Implications for the Market
This analysis forces a rethink of AI adoption strategies. Companies will need to conduct internal evaluations with their own tasks to determine the real cost per completed task, rather than relying on token price tables. It also opens an opportunity for startups developing optimized harnesses, like Pi or Databricks' new Omnigent, which promise to reduce costs without sacrificing performance. Model providers, for their part, will need to be transparent not only about price per token but also about efficiency metrics per task. In the long term, an industry standard based on 'cost per completion' could emerge.
Furthermore, the study shows that open models like GLM 5.2 are competitive with frontier models.

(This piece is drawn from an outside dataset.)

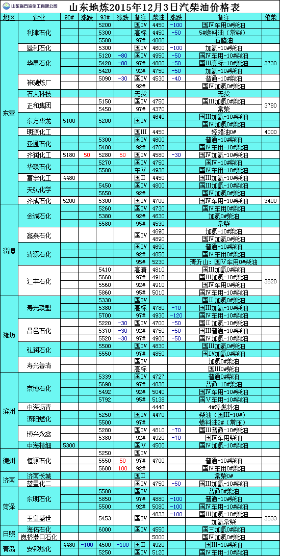 2015年12月3日山東地?zé)捚裼蛢r(jià)格表

This could accelerate the adoption of open-weight models, especially in companies looking to reduce costs and avoid dependence on a single provider. However, the quality of the harness remains critical: an excellent model with an inefficient harness can be more expensive than a worse model with a lightweight harness.
What Should Readers Know?
- Don't rely solely on price per token: A model cheaper per token can be up to 38% more expensive per task if it has a low completion rate or consumes many tokens.
- The harness matters: The software that orchestrates interaction with the LLM can double or triple the cost. Opt for lightweight, minimalist harnesses.
- Evaluate with your data: Generic benchmarks like SWE-Bench may be 'broken,' according to OpenAI. Conduct tests with real tasks from your domain.
- Open models compete: Z.ai's GLM 5.2 matched Opus 4.8 in quality with a 34% lower cost per task. Don't rule out open-weight options.
"Cheaper per-token does not imply cheaper per-task" — Matei Zaharia, CTO of Databricks.